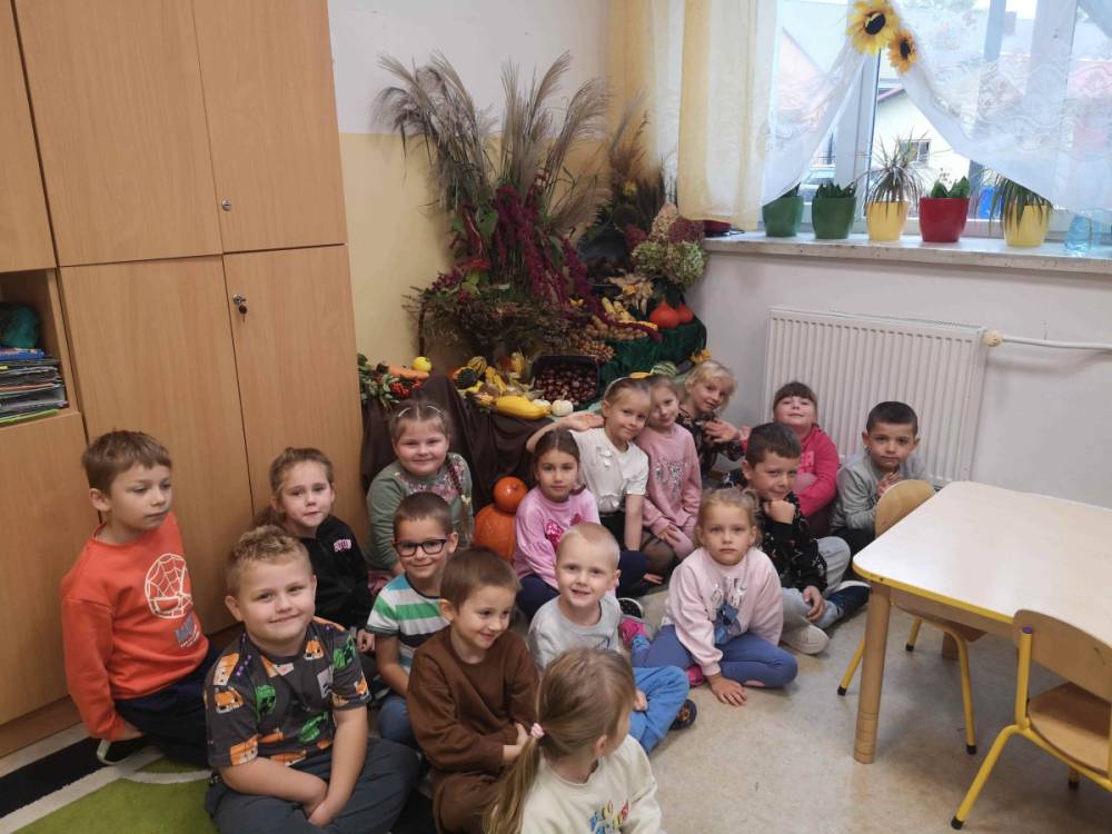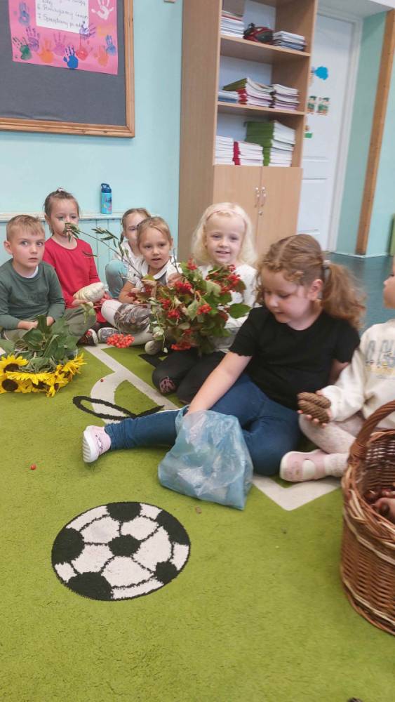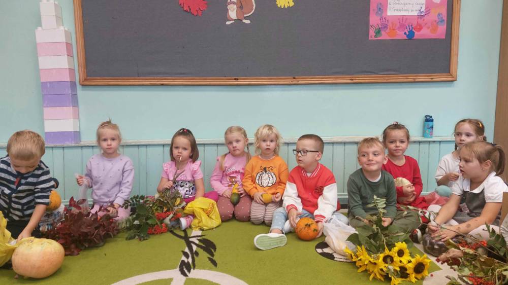 29 września dzieci z grupy średniej i starszej powitały jesień wykonując wystawki przyrodnicze. Na początku zajęć dzieci wysłuchały pogadanek wychowawczyń na temat zjawisk pogodowych charakterystycznych dla jesieni i różnych ciekawostek ze świata przyrody. Następnie dzieci wymieniały nazwy przyniesionych okazów przyrodniczych, określały kolory, przeznaczenie. Kolejnym etapem zajęć było tworzenie wystawek z darów jesieni min. owoców jarzębiny, kasztanów, żołędzi, traw, kwiatów, warzyw i owoców. Wystawki będą nam towarzyszyć przez całą jesień i dostarczać środków do zajęć dydaktycznych. Podczas wykonywania wystawki dzieci miały możliwość doświadczania sensorycznego i oswajania z różnymi rodzajami faktur naturalnych.
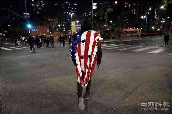 △在洛杉磯,一名男子身披被燒毀的美國國旗(圖片來源:美聯(lián)社)
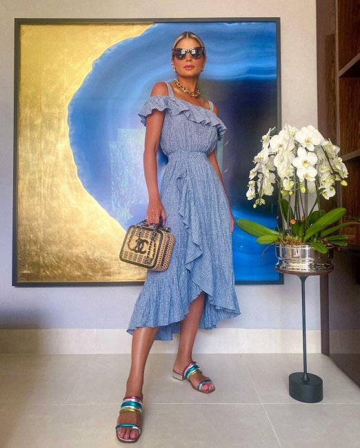 Многие женщины не любят платья миди, т. к. боятся визуально укоротить фигуру. Этот эффект можно заметить как на фото, так и в реальности. Действительно, в платье, которое заканчивается посередине икры, высокие люди выглядят наиболее привлекательно. Однако, если вы невысокого роста, наденьте туфли на танкетке или каблуке – тогда сарафан миди-длины будет стройнить и отлично смотреться с выбранными вами аксессуарами.

_Work order_: Everything in the listing must be copied exactly except the pictures.

_Result of this task_:
 29 września dzieci z grupy średniej i starszej powitały jesień wykonując wystawki przyrodnicze. Na początku zajęć dzieci wysłuchały pogadanek wychowawczyń na temat zjawisk pogodowych charakterystycznych dla jesieni i różnych ciekawostek ze świata przyrody. Następnie dzieci wymieniały nazwy przyniesionych okazów przyrodniczych, określały kolory, przeznaczenie. Kolejnym etapem zajęć było tworzenie wystawek z darów jesieni min. owoców jarzębiny, kasztanów, żołędzi, traw, kwiatów, warzyw i owoców. Wystawki będą nam towarzyszyć przez całą jesień i dostarczać środków do zajęć dydaktycznych. Podczas wykonywania wystawki dzieci miały możliwość doświadczania sensorycznego i oswajania z różnymi rodzajami faktur naturalnych.
 △在洛杉磯,一名男子身披被燒毀的美國國旗(圖片來源:美聯(lián)社)
 Многие женщины не любят платья миди, т. к. боятся визуально укоротить фигуру. Этот эффект можно заметить как на фото, так и в реальности. Действительно, в платье, которое заканчивается посередине икры, высокие люди выглядят наиболее привлекательно. Однако, если вы невысокого роста, наденьте туфли на танкетке или каблуке – тогда сарафан миди-длины будет стройнить и отлично смотреться с выбранными вами аксессуарами.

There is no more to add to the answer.